5 Replies to “Why genetic determinism can’t simply be disproven

  1. 1
    vmahuna says:

    “Hereditarian books such as Charles Murray and Richard Herrnstein’s The Bell Curve (1994) and Nicholas Wade’s 2014 A Troublesome Inheritance (see N. Comfort Nature 513, 306–307; 2014) exploited their respective scientific and cultural moments, leveraging the cultural authority of science to advance a discredited, undemocratic agenda.”

    Um, have you READ “Bell Curve” or any of Charles Murray’s later analyses? Murray argues AGAINST undemocratic government programs that INSIST that long term, objective observation of the measurable differences in achievement between races MUST be ignored because it CAN’T be true. And even if IS true, we must PRETEND the differences don’t exist because Liberal social programs DEPEND on “equal outcomes” not “equal opportunities”.

    But clearly any theory that requires “equal outcomes”, regardless of talent, is fundamentally “a discredited, undemocratic agenda”. Should there be quotas for white boys in the NBA? Should 10% of all symphony orchestras be black? And we are now seeing cases of elite colleges discriminating against Asians because, well, the Asians simply do too good on tests. So blacks whose test scores disqualify them are admitted, and Asians whose test scores qualify them are rejected SOLELY on race. Which is entirely in keeping with “equal outcomes”.

  2. 2
    AaronS1978 says:

    I read this article couple days ago.
    I do agree with what he is saying but it’s still scary, often the idea of genetic determinism undermines free will and makes us all puppets to the protein coding that created our cells. People like Nancy Segal, go out of their way, to tote this point by showing the similarities between twins raised apart prove genetic inheritance of both personalities and traits. I understand that genetic determinism is a mindset and hard to disprove, but as long as people like Plomin and Segal keep showing to the public that they are right, it’s going to become near impossible to stop them from directly influencing public policy.

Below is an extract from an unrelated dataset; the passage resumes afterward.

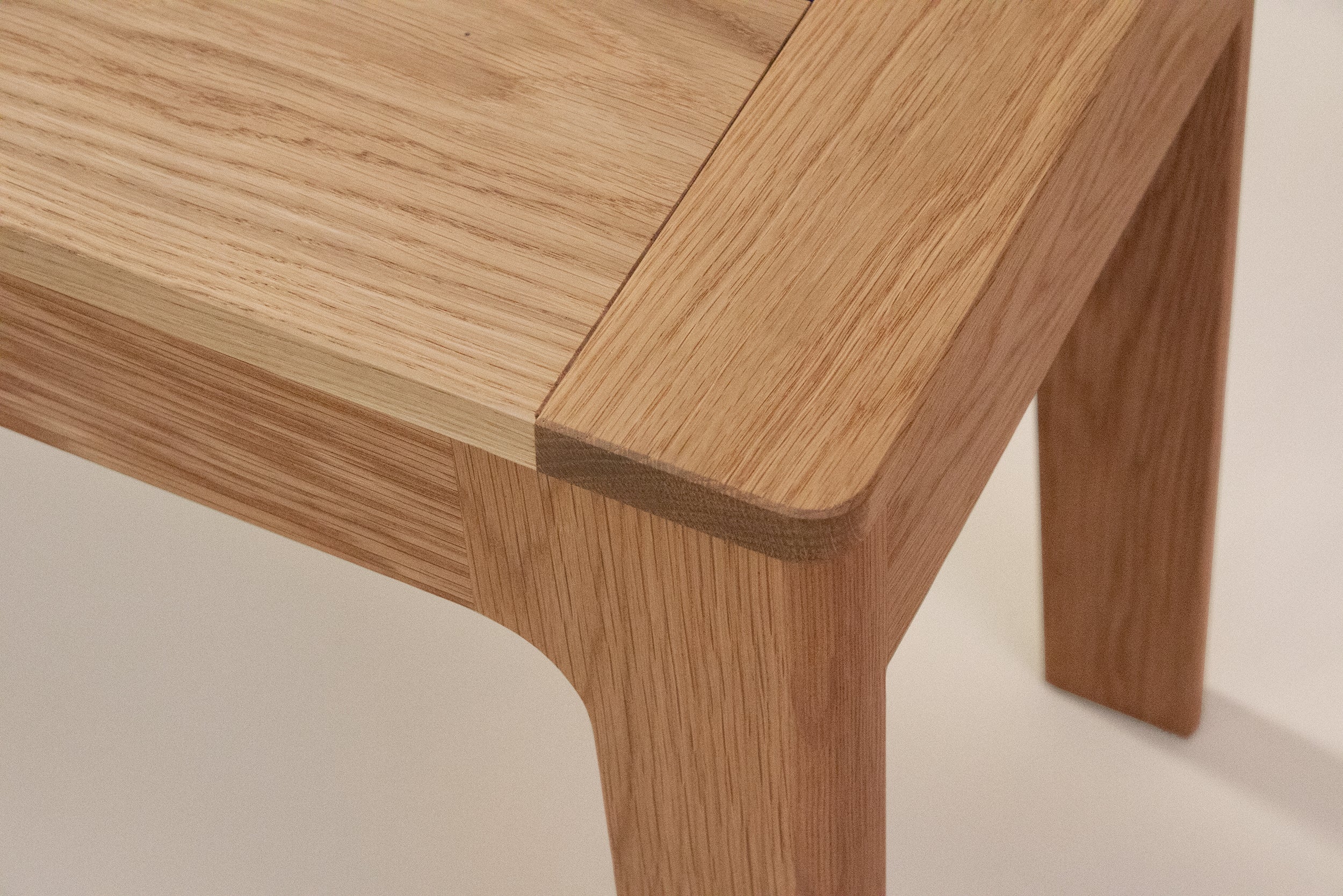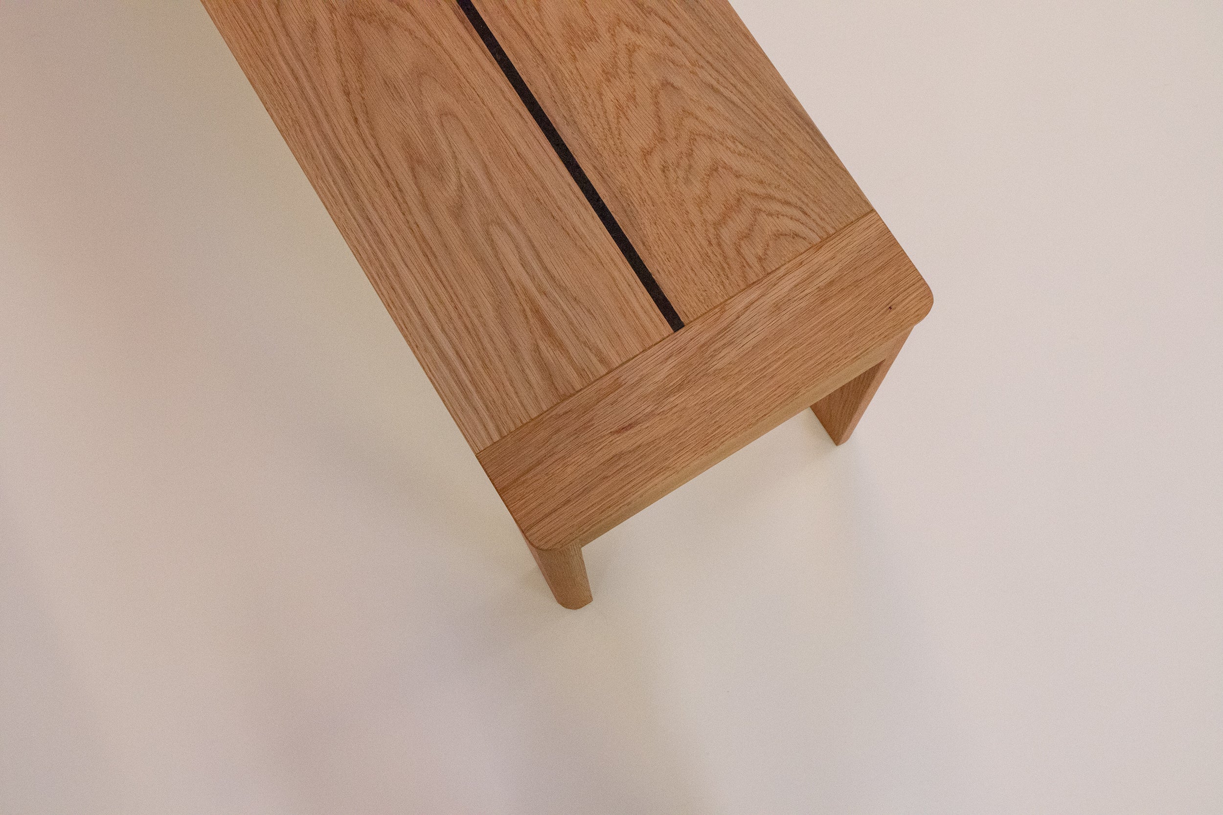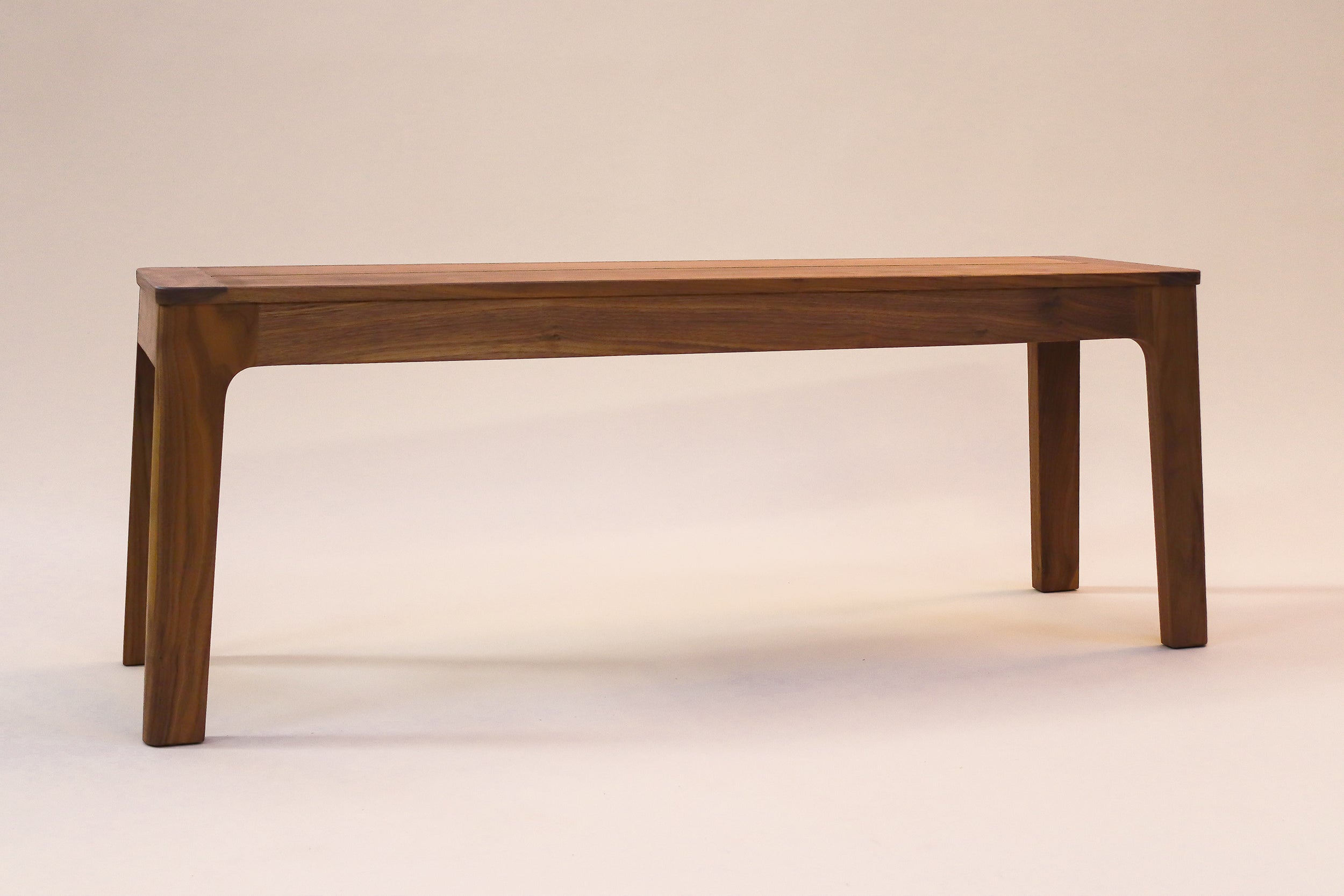Arno? Ah, Yes! That's the standard response to our latest offering in the world of bench seating, and for good reason. The Arno features a unique charcoal cork expansion joint to its top and solid breadboard ends, each delineated by a subtle, hand-planed chamfer at the joint. The outer edges of the joint are fixed so that all expansion and contraction happens at the cork joint and the perimeter of the top remains perfectly flush regardless of seasonal effects on the timber's movement. Pictured here is the 1200 mm variant in both rich walnut and crisp white oak.

So I think the only way to stop them from having an impact is by directly in validating their points of view which I don’t know how to do very well

  3. 3
    bornagain77 says:

    as to:

    “So I think the only way to stop them from having an impact is by directly in validating their points of view which I don’t know how to do very well”,,,

    Here is one way to invalidate their reductive materialistic points of view with empirical evidence:

    Darwinism vs Biological Form – video
    https://www.youtube.com/watch?v=JyNzNPgjM4w

    Here is another way:

    Michael Egnor: Is free will a dangerous myth?
    October 6, 2018
    https://uncommondescent.com/intelligent-design/michael-egnor-is-free-will-a-dangerous-myth/

  4. 4
    AaronS1978 says:

    I appreciate your posts you put a lot of work into them.

  5. 5
    News says:

    Aaron1978 at 4, thanks! Glad to help.